Если у Беды когда-нибудь будут дети, ему не стоит рассказывать им сказки. Карма, даже мне жалко бедных малюток. Вырастут психами, хуже папаши.
— Мы в-в изоляторе? — от воображенной картины по телу прошла зябкая дрожь. Медленное утопление… хуже только замуровать человека заживо. Тело немеет, и ты уже не чувствуешь ни рук, ни ног, ледяная вода подбирается к губам, закрывает лицо, легкие разрываются от недостатка воздуха, вода заливается в рот, в горло, грудь прорезает боль, перед глазами сверкают разноцветные круги, но ты все еще бьешься, в безумной попытке вырваться на поверхность, но над головой только камень…
— … потом я встретил их снова!
— Чего? — я вынырнул из фантазии, с жадностью втягивая затхлый воздух. Беда обиженно моргнул: я пропустил все самое важное.
— Тех, кто утонул. Мертвых, — уже нормальным тоном повторил он.
— Утопление — самый безопасный способ казни, — напомнил я.
— А в этот раз не сработало, — черный маг повернулся ко мне лицом и с совсем не вяжущейся к ситуации широкой улыбкой объявил: — Первое нашествие началось здесь, Лоза. Здесь отрыло глаза первое умертвие, и именно здесь слуги Бездны впервые пришли в этот мир! Замечательно, правда?
Ошизеть, как замечательно. Сфотографируйте меня на фоне.
Так, стоп.
— Ниморцы не успели уничтожить тела. А вы?

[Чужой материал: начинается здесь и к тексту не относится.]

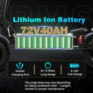 - Off Road Scooter【𝐎𝐕𝐄𝐑𝐒𝐈𝐙𝐄𝐃 𝐁𝐀𝐓𝐓𝐄𝐑𝐘】 It Is Equipped With A 72v 40ah Lithium Battery,Which Can Travel Up To 75Miles Per Charge,With A Charging Time Of 8-10 Hours,This Battery Life Is Very Reliable For Daily Commuting Or Leisure.This Electric Scooter With 14″ off-road tires And Seat Is Suitable For Any Terrain.

В честных глазах приграничника отразилось искреннее непонимание:
— Мы ведь отомстили, м?
Я глубоко вдохнул, убеждая себя, что бесполезно говорить черным магам о морали, да и о санитарии в общем-то тоже. Просто не поймут. Бывший тюремный блок, черепа, выплавленная звезда с извивающимися лучами… если где и могла завестись нечисть, то именно здесь. Не удивлюсь, если прямо сейчас вылезет какая-нибудь…
Стоячая вода заколыхалась, и ступени лизнула небольшая волна, расшвыряв крайние головы.

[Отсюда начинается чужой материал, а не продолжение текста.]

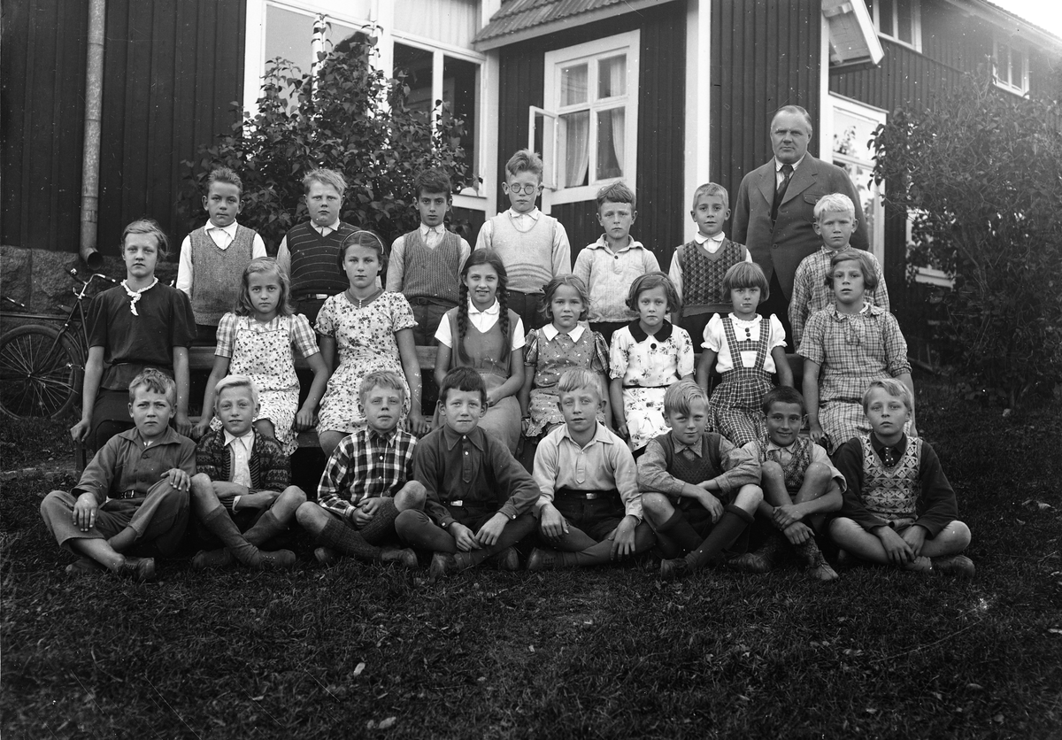 Titel: Foto av en skolklass med lärare, som samlats utanför skolan.

— О, Шэд нас засекла, — приграничник неуловимым движением успел запрыгнуть выше. — Опять будет вопить. Как была истеричкой…
От бывшего тюремного блока мы смотались как можно быстрее. Я уже понял, что полностью запутался в лабиринтах переходов, лестниц и коридоров, и теперь не выберусь самостоятельно даже с планом уровней, и спасибо туману, что не дал совершить опрометчивый шаг, и что вообще-то мы идем другой дорогой. Правда, последнее — только когда впереди замаячила дверь, не дохлая и деревянная, а мощная и стальная.
— Так вот как погибла Ильда, — я говорил скорее сам с собой, испытывая парадоксальное желание поблагодарить приграничника. Магистр Александр Юстин все-таки ни при чем.
Беда услышал и согнулся от хохота:
— Ниморцы — утопить Ильди? С-с-слишком много счастья под этим небом…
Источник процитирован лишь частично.